This guide covers how to use AlgEngine for training end-to-end autonomous driving models, running evaluations, extracting rare cases, and fine-tuning. AlgEngine is built on MMDetection3D and supports UniAD, VADv2, and HydraMDP architectures.
- Quick Reference
- Training
- Evaluation
- Rare Case Extraction
- Fine-Tuning
- Configuration
- Model Architectures
- Troubleshooting
cd projects/AlgEngine
# Training (8 GPUs)
./scripts/e2e_dist_train.sh <config> <num_gpus> [resume_checkpoint]
# Open-loop evaluation
./scripts/e2e_dist_eval.sh <config> <checkpoint> <num_gpus>
# Rare case extraction
python scripts/rare_case_sampling_by_pdms.py \
--pdm-result <csv_file> \
--base-split <yaml_file> \
--output-dir <output_dir>
# Closed-loop evaluation
bash scripts/run_ray_distributed_testing.sh <config> <checkpoint> <model_name> <data_type> <react_type>Before training, ensure:
- ✅ AlgEngine environment installed (
algengineconda env) - ✅ Data prepared (see Data Organization)

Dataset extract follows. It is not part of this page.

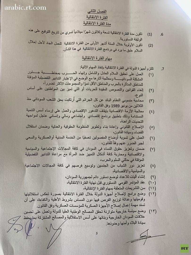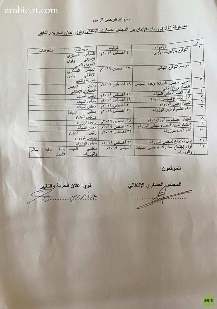 وسيتم تعيين رئيس الوزراء في الـ20 من أغسطس وستعقد الحكومة أول اجتماع لها في الـ28 منه، كما سينعقد أول اجتماع مشترك بين مجلس الوزراء ومجلس السيادة في الأول من سبتمبر.

- ✅ Pre-trained backbone weights downloaded
Train a model on 50% of the training data:
conda activate algengine
cd projects/AlgEngine
# Train VADv2 with 50% data (8 GPUs)
./scripts/e2e_dist_train.sh configs/worldengine/e2e_vadv2_50pct.py 8Arguments:
<config>: Configuration file path<num_gpus>: Number of GPUs to use[resume_checkpoint](optional): Checkpoint to resume from
./scripts/e2e_dist_train.sh configs/worldengine/e2e_vadv2_100pct.py 8Resume from a checkpoint:
./scripts/e2e_dist_train.sh \
configs/worldengine/e2e_vadv2_50pct.py \
8 \
work_dirs/e2e_vadv2_50pct/latest.pthAuto-resume: If latest.pth exists in work_dirs/, training will auto-resume.
# Watch training log
tail -f work_dirs/e2e_vadv2_50pct/logs/train.*
# TensorBoard (if enabled)
tensorboard --logdir work_dirs/e2e_vadv2_50pct/tf_logsKey metrics to monitor:
loss: Total training loss (should decrease)loss_planning: Planning lossloss_track: Tracking lossade_4s: Average displacement error at 4 secondsfde_4s: Final displacement error at 4 seconds
work_dirs/e2e_vadv2_50pct/
├── e2e_vadv2_50pct.py # Config backup
├── logs/
│ └── train.26040614* # Training logs
├── epoch_1.pth # Checkpoints
├── epoch_2.pth
...
├── epoch_20.pth
└── latest.pth # Symlink to latest checkpoint
Evaluate model predictions against ground truth trajectories.
conda activate algengine
cd projects/AlgEngine
# Evaluate on navtest (8 GPUs)
./scripts/e2e_dist_eval.sh \
configs/worldengine/e2e_vadv2_50pct.py \
work_dirs/e2e_vadv2_50pct/epoch_20.pth \
8Output:
work_dirs/e2e_vadv2_50pct/
└── navtest.csv # Evaluation results
Evaluate on known rare navtest cases:
./scripts/e2e_dist_eval_navtest_failures.sh \
configs/worldengine/e2e_vadv2_50pct.py \
work_dirs/e2e_vadv2_50pct/epoch_20.pth \
8Output:
work_dirs/e2e_vadv2_50pct/
└── navtest_failures.csv # rare navtest cases only
Open-loop metrics CSV format:
token,ade_4s,fde_4s,no_at_fault_collisions,drivable_area_compliance,ego_progress,comfort,score
abc123,0.42,0.85,1.0,0.95,0.88,0.92,0.89
...Key metrics:
ade_4s: Average trajectory error over 4 seconds (meters, lower is better)fde_4s: Final position error at 4 seconds (meters, lower is better)no_at_fault_collisions: Collision avoidance rate (0-1, higher is better)drivable_area_compliance: Stay in drivable area (0-1, higher is better)ego_progress: Route completion (0-1, higher is better)comfort: Comfort metric (0-1, higher is better)score: Overall PDM score (0-1, higher is better)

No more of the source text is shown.